I am very excited and proud to have finished this piece. I hadn’t touched a sewing machine in 33 years, and it seemed daunting to me at first. I am also very proud and honored to be chosen to be in this project alongside so many strong, powerful, and extremely talented women!
Healing Moon Woman
This moon shawl explores the relationship between women and the moon. I chose this design as a representation of my journey with spirituality, moon teachings and the healing that accompanied me as I embarked on this journey.
The woman holding up the moon was inspired by my auntie Leah Dorion and my mother Angela Sinclair. The woman represents feminine spirits and their connection with the moon cycles. The flowers blooming in the moon represent growth and healing as I continue on my journey. The green ribbons at the bottom of the shawl represent mother earth and the healing she offers. I also chose to incorporate hearts as pockets to represent how love can influence an individual's healing journey.
Prior to this workshop, I had never sewn before. This was a valued learning experience for me as I learned a variety of methods such as applique, hand stitching and embroidery.
I am very thankful for the opportunity and experience that accompanied me in this workshop. I hope to apply the knowledge I learned to future projects.
When we began this project, we were asked to choose the moon that we wanted to represent. I instantly knew I wanted to represent the thirteenth moon. The thirteenth moon is rare and only comes around every three years or so. This year the thirteenth moon is in August, and is also called the blue super moon. This moon represents new beginnings; with that knowledge, I realized exactly how I wanted the shawl to look.
I chose blue fabric to represent the blue moon, with stars for the sky. The back of my shawl has three pregnant women, representing Grandmother Moon, Mother Earth, and a woman that represents all women. This is based on a picture I drew while I was pregnant with my first son. I have had it for 29 years, and just before this project started, I found it again. It was as if it has been waiting all these years for me to create this shawl. In the womb of the woman is a yellow circle, which is the color of the east and
the infancy stage of life. In the center of that womb, I placed the gemstones of my three sons. I used the colors of the four directions for the three women: Grandmother Moon is white, and Mother Earth is red, which represents the west and adulthood. Mother Earth is older than we are, which is why I used red rather than green. I chose green to represent us - the color of the south and adolescence. I decorated the front panels of my shawl with the other twelve moons. The white fabric of these moons and the Grandmother on the back has shading resembling the moon’s craters.
The design, in its totality, is how I envision the thirteenth moon - each woman pregnant and giving life to the others.

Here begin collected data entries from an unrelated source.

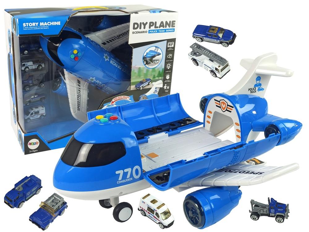 Samolot Transportowy Policja z Naciągiem Autka Dźwięk Super prezent dla fanów samolotów. Przedstawiamy biało-niebieski samolot tworzący bazę dla pojazdów policyjnych, ułatwi to transportowanie pojazdów na akcje. Wystarczy załadować wszystkie maszyny na pokład i ruszyć w drogę łapać złodziei. Samolot wypełni beztroską długie wieczory, rozwinie wyobraźnie dziecka i dzięki temu też dowie się, na jakiej zasadzie samoloty unoszą się na niebie i działają. Zabawka posiada frykcyjny napęd, wystarczy nacisnąć na tył, puścić do przodu i cieszyć się prędkością. Rodzeństwo i rodzice z chęcią włączą się do wspólnej rozrywki i zabawy. Wewnątrz samolotu można przewozić miniaturowe wersje pojazdów policyjnych, z nimi żadna terenowa akcja policyjna nie jest straszna. Otwierany bok samolotu pozwalają na włożenie autek do środka, otwierana tylna rampa umożliwia samochodom opuścić pokład. Wewnątrz znajduje się także przycisk GO, który ustawia rampę pochyloną, co usprawnia opuszczenie samolotu. Efekty dźwiękowe dodają atrakcyjności naszemu podniebnemu pojazdowi i na pewno nikt nie przeoczy samolotu na swojej drodze, odpowiedzialne są za to cztery przyciski na dachu. Sygnał uruchamiania pojazdu, odgłosy syreny policyjnej bądź wesoła muzyka pozwoli się przenieść w świat akcji policyjnych. W zestawie znajdują się: - samolot policyjny garaż - 6 autek policyjnych różnego rodzaju Wymiary małych autek: około 7 cm x 3 cm x 3 cm Wymiary samolotu: 37 cm x 36 cm x 21 cm Wymiary opakowania zabawki: 46 cm x 31,5 cm x 14 cm Prezentowany model samolotu jest wykonany z atestowanego, trwałego materiału, co w połączeniu z dbałością o każdy detal gwarantuje bezpieczeństwo zabawy i jakość radzącą sobie z częstym używaniem. Samolot zasilany jest 3 sztukami baterii 1,5 V AA , które nie są dołączone do zestawu. Zabawka posiada certyfikat CE, wykonana jest z bezpiecznego dla dzieci, solidnego i trwałego materiału, który jest gwarancją długiej żywotności. Produkt przeznaczony dla dzieci powyżej 3 roku życia.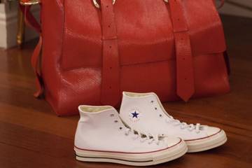 Además de su propia colección, el diseñador también ha colaborado con marcas de prestigio para aderezar su desfile como Converse, quién ha apoyado al creador vistiendo los pies de algunos modelos con icónica sneaker Chuck Taylor All Star.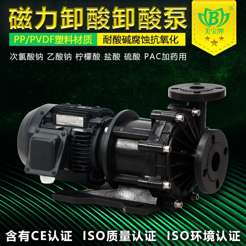 美宝环保设备有限公司是中國耐酸鹼泵浦行業領導者,自主研發生產美寶牌系列防腐泵。公司擁有占地85000m²的現代化生產基地,配備注塑、加工、測試、組裝等全產業鏈車間,確保產品品質穩定可靠。 美寶牌耐腐蝕磁力驅動泵採用PP或PVDF材質一體成型,無焊接點,徹底杜絕泄漏風險。核心部件使用稀土钕鐵硼與釤鈷強磁鐵,磁力持久不退;葉輪與內磁一體成型,提升耐磨性與運行效率。标配東元、東芝等品牌電機,可選銅芯電機及過載保護裝置,適應多種工業環境。 產品廣泛應用於酸鹼液輸送、加藥、卸料等領域,具備高效、耐高溫、耐腐蝕、無氣泡等優勢。所有泵均享受兩年質保、終身維護服務,並提供正規增值稅發票。全國設有12家售後服務網點,支持快速響應與技術支持。 型號涵蓋MSH-F-250至MSH-F-655,口徑從25mm到65mm,功率0.5KW至3.75KW,滿足不同流量與揚程需求。安裝靈活,配備活動式法蘭,便於現場調節。美寶環保持有ISO質量/環境認證、CE認證及多項專利證書,誠信經營,值得信賴。 選擇美宝,就是選擇安心與專業——防腐泵·找美宝!

As women we are connected to the moon and the earth. We follow the moon’s timing, and just like Mother Earth sustains and gives us life, so do we for the children we carry in our womb.
The making of this shawl was a labor of love from start to finish. It took a great deal of time and changed as I was creating it. My shawl is not perfect. I made mistakes. I meditated while sewing all the beads and sequins I placed in each woman’s hair. I am proud of my creation, and I hope that you will enjoy looking at it as much as I enjoyed making it.